▸ **Provided data**
^^^^^^^^

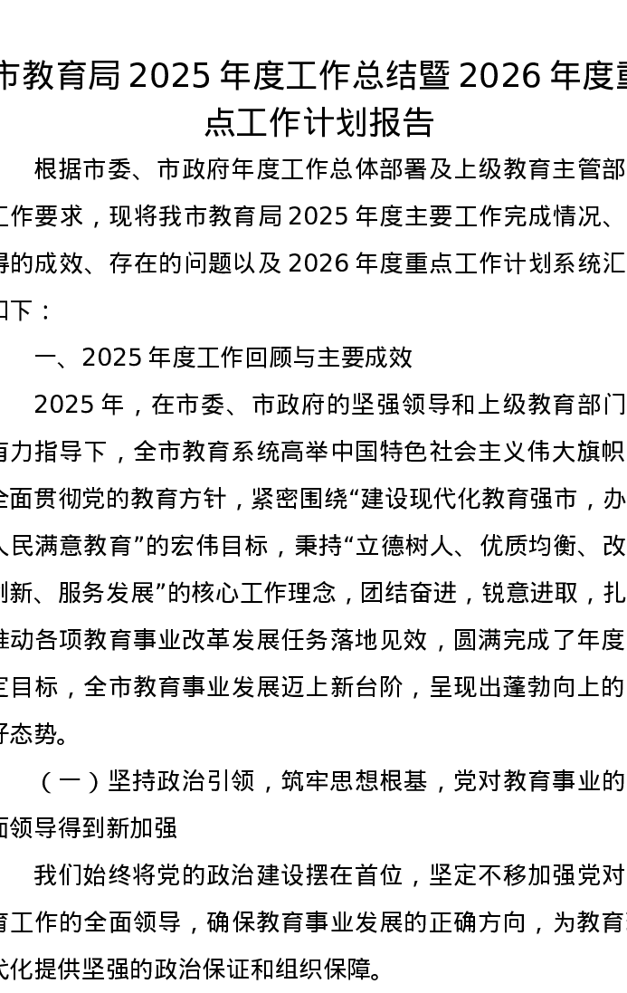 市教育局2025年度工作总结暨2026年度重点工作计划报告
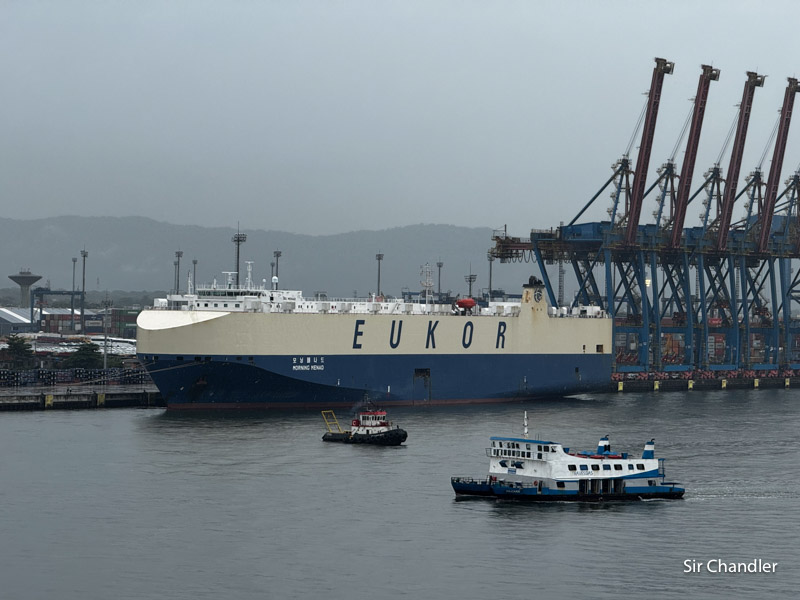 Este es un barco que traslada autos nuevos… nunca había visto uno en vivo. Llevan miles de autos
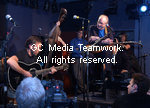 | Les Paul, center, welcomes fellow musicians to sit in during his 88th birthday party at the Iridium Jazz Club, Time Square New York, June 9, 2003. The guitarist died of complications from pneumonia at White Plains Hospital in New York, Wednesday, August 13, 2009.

^^^^^^^^

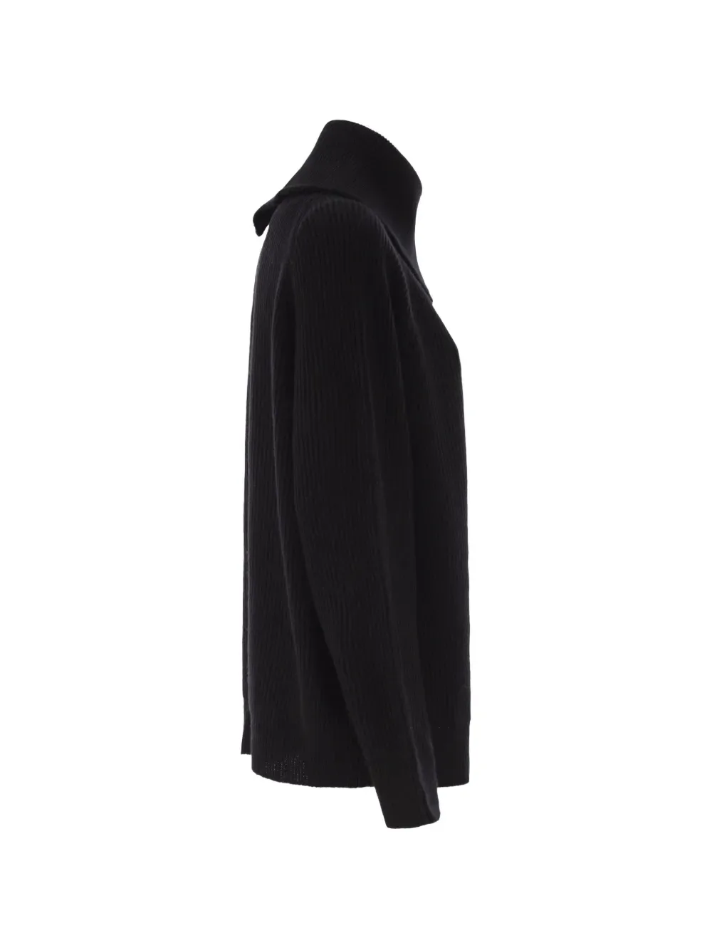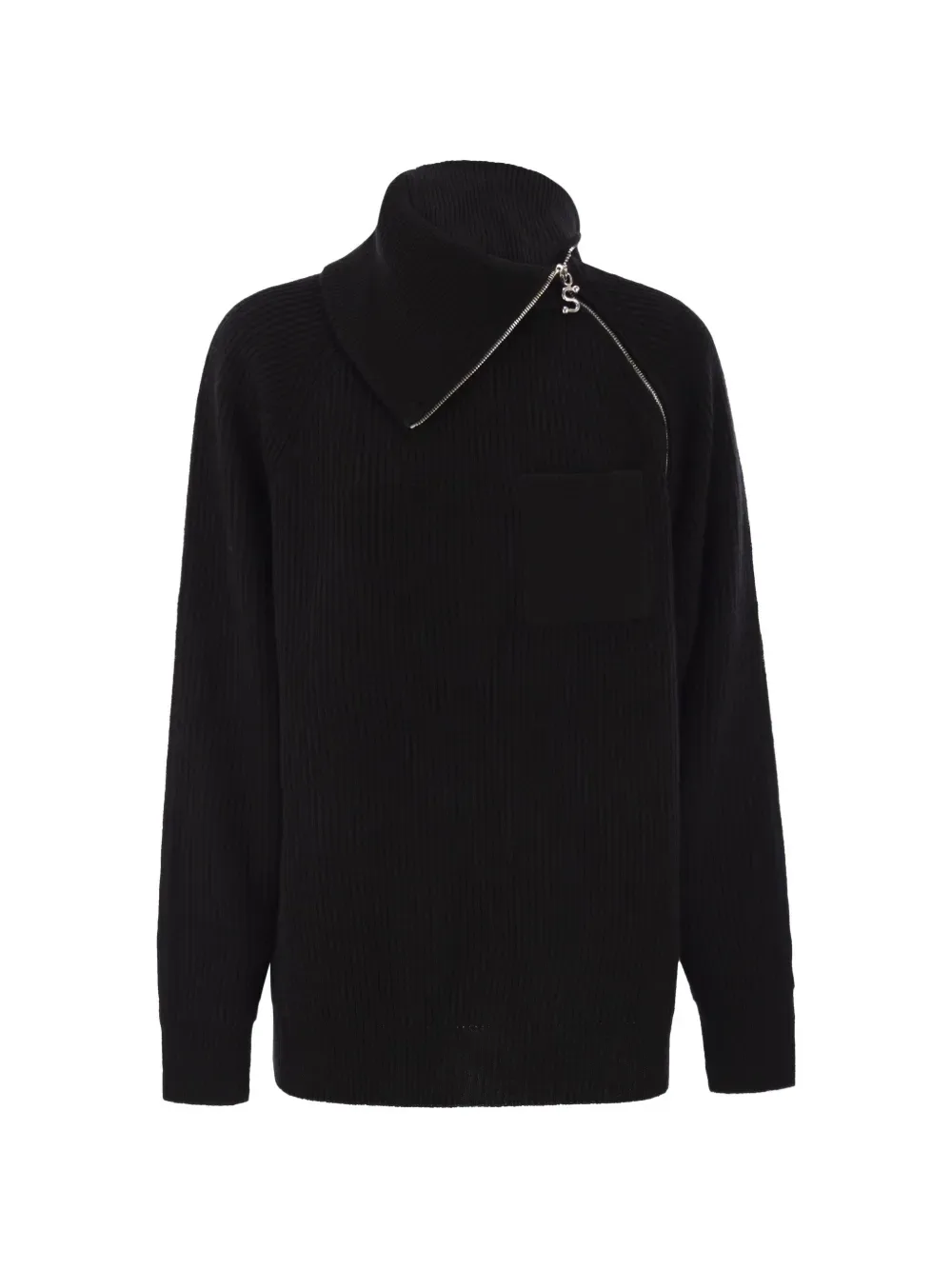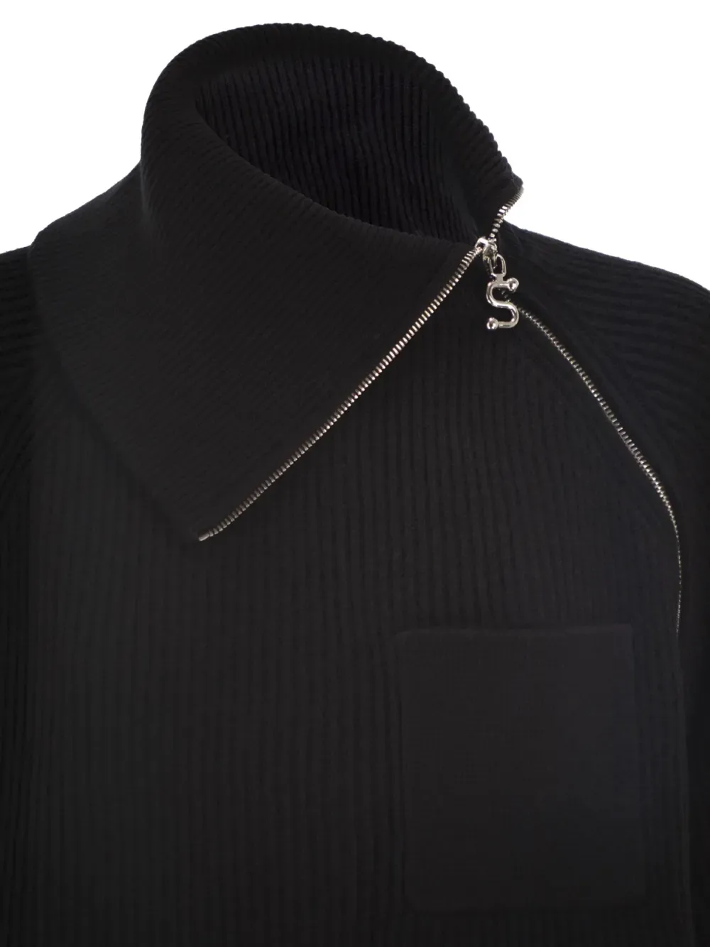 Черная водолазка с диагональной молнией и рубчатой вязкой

^^^^^^^^

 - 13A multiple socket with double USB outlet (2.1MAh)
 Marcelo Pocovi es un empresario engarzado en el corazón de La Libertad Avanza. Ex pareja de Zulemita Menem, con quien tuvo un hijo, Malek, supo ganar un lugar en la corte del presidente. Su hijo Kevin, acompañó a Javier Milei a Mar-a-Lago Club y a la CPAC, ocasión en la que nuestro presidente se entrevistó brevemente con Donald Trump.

^^^^^^^^

Beginning with the line above that contains "- 13A multiple", copy each line exactly up to and including the line that contains "Marcelo Pocovi es", and go no further.

 - 13A multiple socket with double USB outlet (2.1MAh)
 Marcelo Pocovi es un empresario engarzado en el corazón de La Libertad Avanza. Ex pareja de Zulemita Menem, con quien tuvo un hijo, Malek, supo ganar un lugar en la corte del presidente. Su hijo Kevin, acompañó a Javier Milei a Mar-a-Lago Club y a la CPAC, ocasión en la que nuestro presidente se entrevistó brevemente con Donald Trump.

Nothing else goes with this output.